Action item: Your task is to transcribe the data exactly while omitting each picture.

★ ★ ★ ★ ★

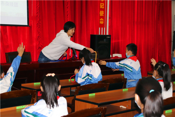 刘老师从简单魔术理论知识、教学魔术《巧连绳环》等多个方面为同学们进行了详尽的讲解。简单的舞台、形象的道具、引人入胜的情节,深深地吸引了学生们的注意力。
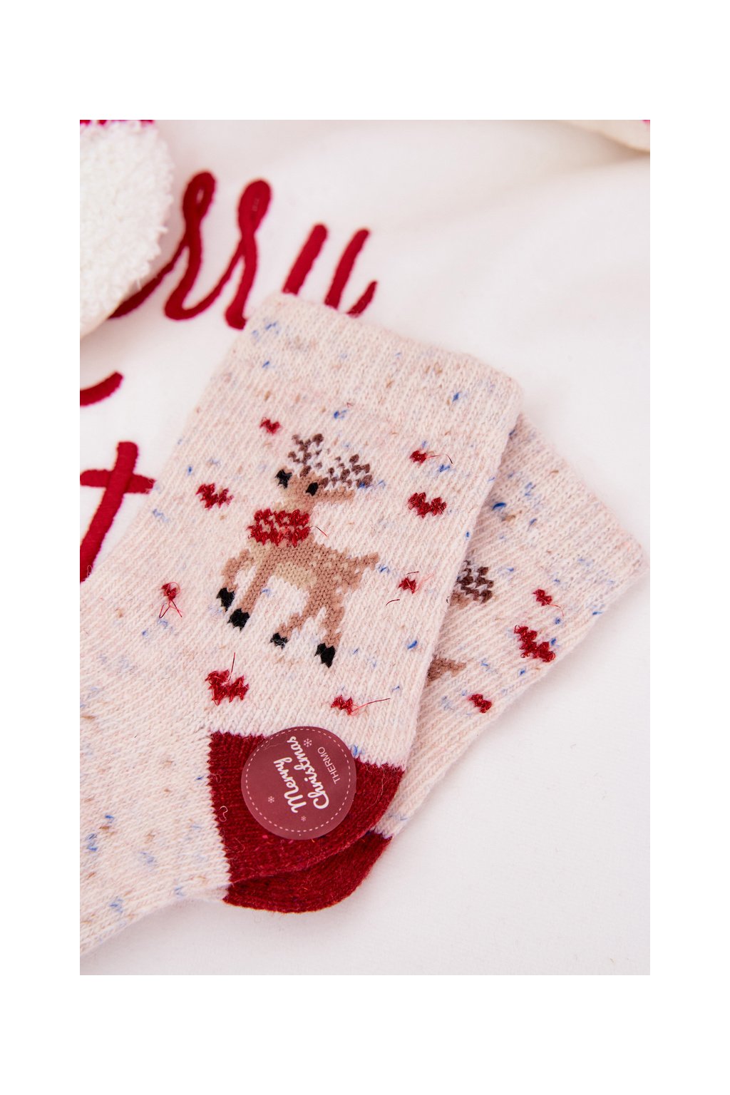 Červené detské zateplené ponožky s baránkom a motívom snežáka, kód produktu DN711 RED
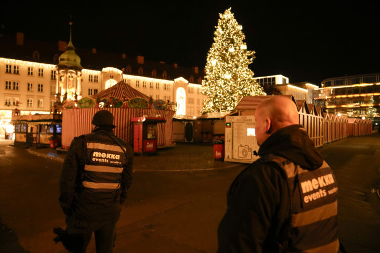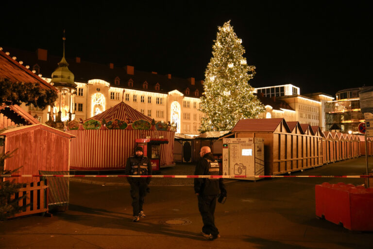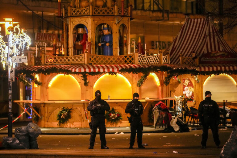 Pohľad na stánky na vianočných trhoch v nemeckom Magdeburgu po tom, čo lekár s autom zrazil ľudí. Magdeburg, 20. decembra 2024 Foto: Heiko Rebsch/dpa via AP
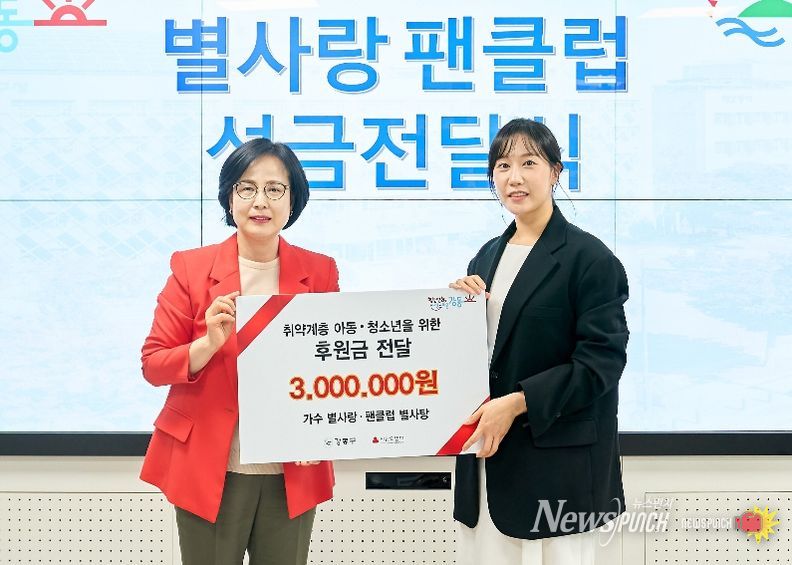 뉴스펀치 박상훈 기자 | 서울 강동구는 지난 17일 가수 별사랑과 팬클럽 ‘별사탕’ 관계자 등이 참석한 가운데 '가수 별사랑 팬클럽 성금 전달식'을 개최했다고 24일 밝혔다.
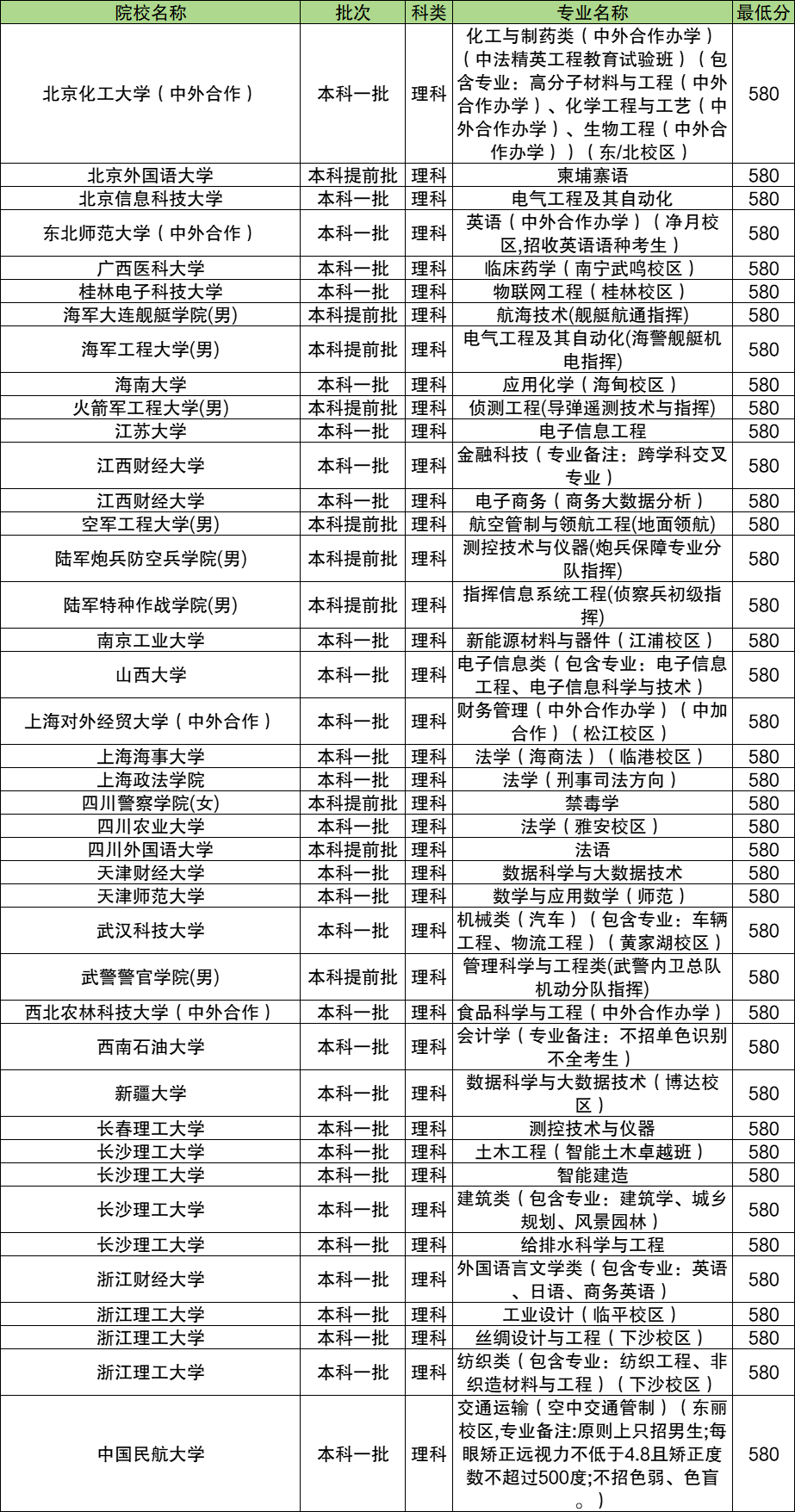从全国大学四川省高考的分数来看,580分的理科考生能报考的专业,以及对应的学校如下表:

★ ★ ★ ★ ★

Response:
 刘老师从简单魔术理论知识、教学魔术《巧连绳环》等多个方面为同学们进行了详尽的讲解。简单的舞台、形象的道具、引人入胜的情节,深深地吸引了学生们的注意力。
 Červené detské zateplené ponožky s baránkom a motívom snežáka, kód produktu DN711 RED
 Pohľad na stánky na vianočných trhoch v nemeckom Magdeburgu po tom, čo lekár s autom zrazil ľudí. Magdeburg, 20. decembra 2024 Foto: Heiko Rebsch/dpa via AP
 뉴스펀치 박상훈 기자 | 서울 강동구는 지난 17일 가수 별사랑과 팬클럽 ‘별사탕’ 관계자 등이 참석한 가운데 '가수 별사랑 팬클럽 성금 전달식'을 개최했다고 24일 밝혔다.
从全国大学四川省高考的分数来看,580分的理科考生能报考的专业,以及对应的学校如下表:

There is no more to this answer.